=== Source material ===
· · ·

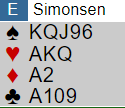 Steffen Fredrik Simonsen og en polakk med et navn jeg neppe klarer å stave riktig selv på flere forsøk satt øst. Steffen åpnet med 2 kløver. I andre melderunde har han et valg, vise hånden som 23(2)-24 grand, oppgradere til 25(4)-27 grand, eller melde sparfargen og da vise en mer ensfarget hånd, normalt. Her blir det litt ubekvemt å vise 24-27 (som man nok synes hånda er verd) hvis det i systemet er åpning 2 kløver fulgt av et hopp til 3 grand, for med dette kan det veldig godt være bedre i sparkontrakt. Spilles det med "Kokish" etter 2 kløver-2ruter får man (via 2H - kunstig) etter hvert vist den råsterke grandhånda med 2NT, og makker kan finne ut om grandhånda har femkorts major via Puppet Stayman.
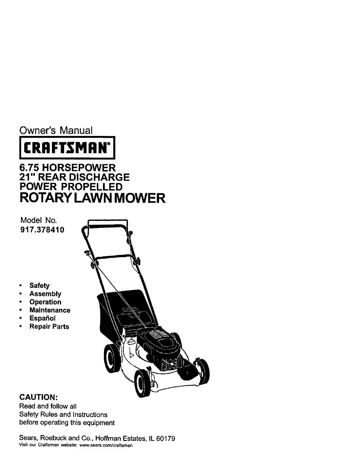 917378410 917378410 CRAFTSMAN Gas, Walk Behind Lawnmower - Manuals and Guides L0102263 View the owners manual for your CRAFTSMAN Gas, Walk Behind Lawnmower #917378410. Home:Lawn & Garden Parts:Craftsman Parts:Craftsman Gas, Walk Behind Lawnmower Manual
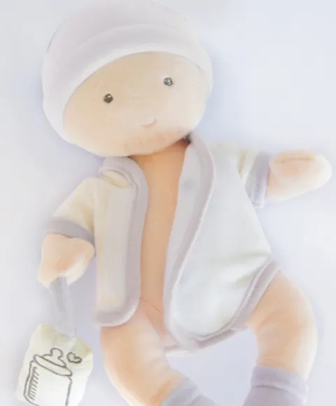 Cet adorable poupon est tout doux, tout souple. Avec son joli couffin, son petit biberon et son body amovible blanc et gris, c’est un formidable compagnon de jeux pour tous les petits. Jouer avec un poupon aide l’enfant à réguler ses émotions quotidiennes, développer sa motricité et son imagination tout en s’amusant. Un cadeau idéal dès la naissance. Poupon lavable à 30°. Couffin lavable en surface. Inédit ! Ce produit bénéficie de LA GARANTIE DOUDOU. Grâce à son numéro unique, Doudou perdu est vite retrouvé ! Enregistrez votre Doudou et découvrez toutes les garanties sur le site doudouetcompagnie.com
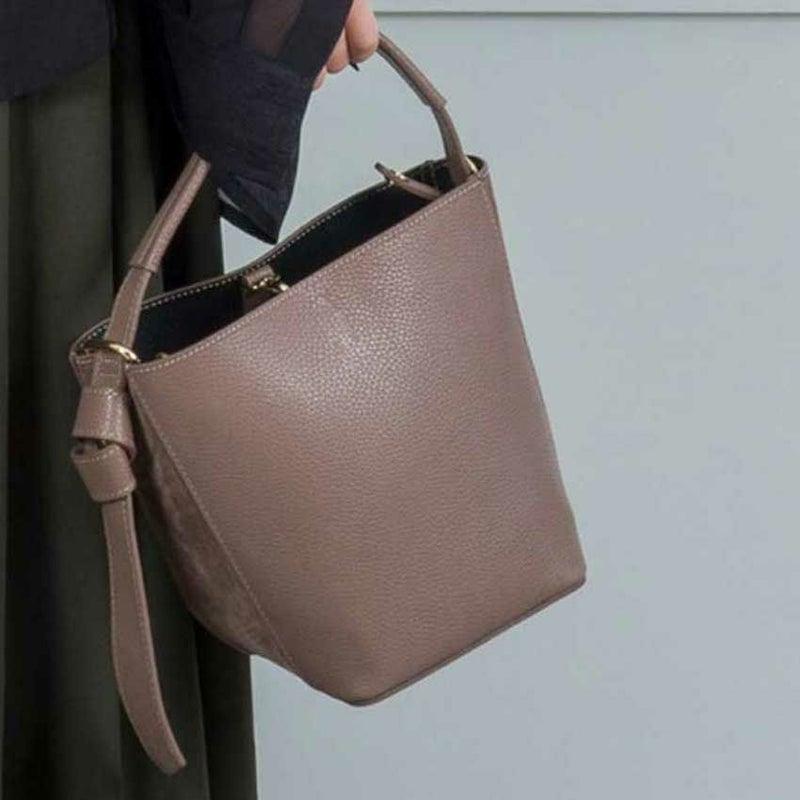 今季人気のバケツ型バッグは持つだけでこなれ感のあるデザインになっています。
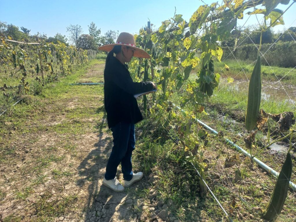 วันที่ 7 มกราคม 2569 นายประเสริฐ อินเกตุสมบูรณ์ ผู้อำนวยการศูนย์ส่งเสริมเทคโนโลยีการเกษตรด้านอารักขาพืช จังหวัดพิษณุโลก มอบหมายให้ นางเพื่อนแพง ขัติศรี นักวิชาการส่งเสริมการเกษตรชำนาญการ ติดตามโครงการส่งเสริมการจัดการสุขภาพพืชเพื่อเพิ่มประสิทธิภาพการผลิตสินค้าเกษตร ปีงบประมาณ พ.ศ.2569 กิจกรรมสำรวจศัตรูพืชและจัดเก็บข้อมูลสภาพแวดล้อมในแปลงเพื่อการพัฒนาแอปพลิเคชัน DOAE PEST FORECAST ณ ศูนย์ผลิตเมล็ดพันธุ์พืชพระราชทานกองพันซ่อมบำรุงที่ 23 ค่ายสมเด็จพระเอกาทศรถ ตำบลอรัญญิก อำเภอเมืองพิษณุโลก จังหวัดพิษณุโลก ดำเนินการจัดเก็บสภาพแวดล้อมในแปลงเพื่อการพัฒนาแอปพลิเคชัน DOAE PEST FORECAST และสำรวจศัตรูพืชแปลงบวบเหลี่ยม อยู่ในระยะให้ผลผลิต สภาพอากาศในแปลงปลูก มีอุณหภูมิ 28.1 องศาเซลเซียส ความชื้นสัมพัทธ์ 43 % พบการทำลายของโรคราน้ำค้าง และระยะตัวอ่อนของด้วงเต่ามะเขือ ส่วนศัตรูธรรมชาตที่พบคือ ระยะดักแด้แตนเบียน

· · ·

=== What the exercise asks ===
Above are the records. Copy only the lines from the one with "Cet adorable poupon" through the one with "今季人気のバケツ型バッグは持つだけでこなれ感のあるデザインになっています。", exactly, with no pictures.

=== Task response ===
 Cet adorable poupon est tout doux, tout souple. Avec son joli couffin, son petit biberon et son body amovible blanc et gris, c’est un formidable compagnon de jeux pour tous les petits. Jouer avec un poupon aide l’enfant à réguler ses émotions quotidiennes, développer sa motricité et son imagination tout en s’amusant. Un cadeau idéal dès la naissance. Poupon lavable à 30°. Couffin lavable en surface. Inédit ! Ce produit bénéficie de LA GARANTIE DOUDOU. Grâce à son numéro unique, Doudou perdu est vite retrouvé ! Enregistrez votre Doudou et découvrez toutes les garanties sur le site doudouetcompagnie.com
 今季人気のバケツ型バッグは持つだけでこなれ感のあるデザインになっています。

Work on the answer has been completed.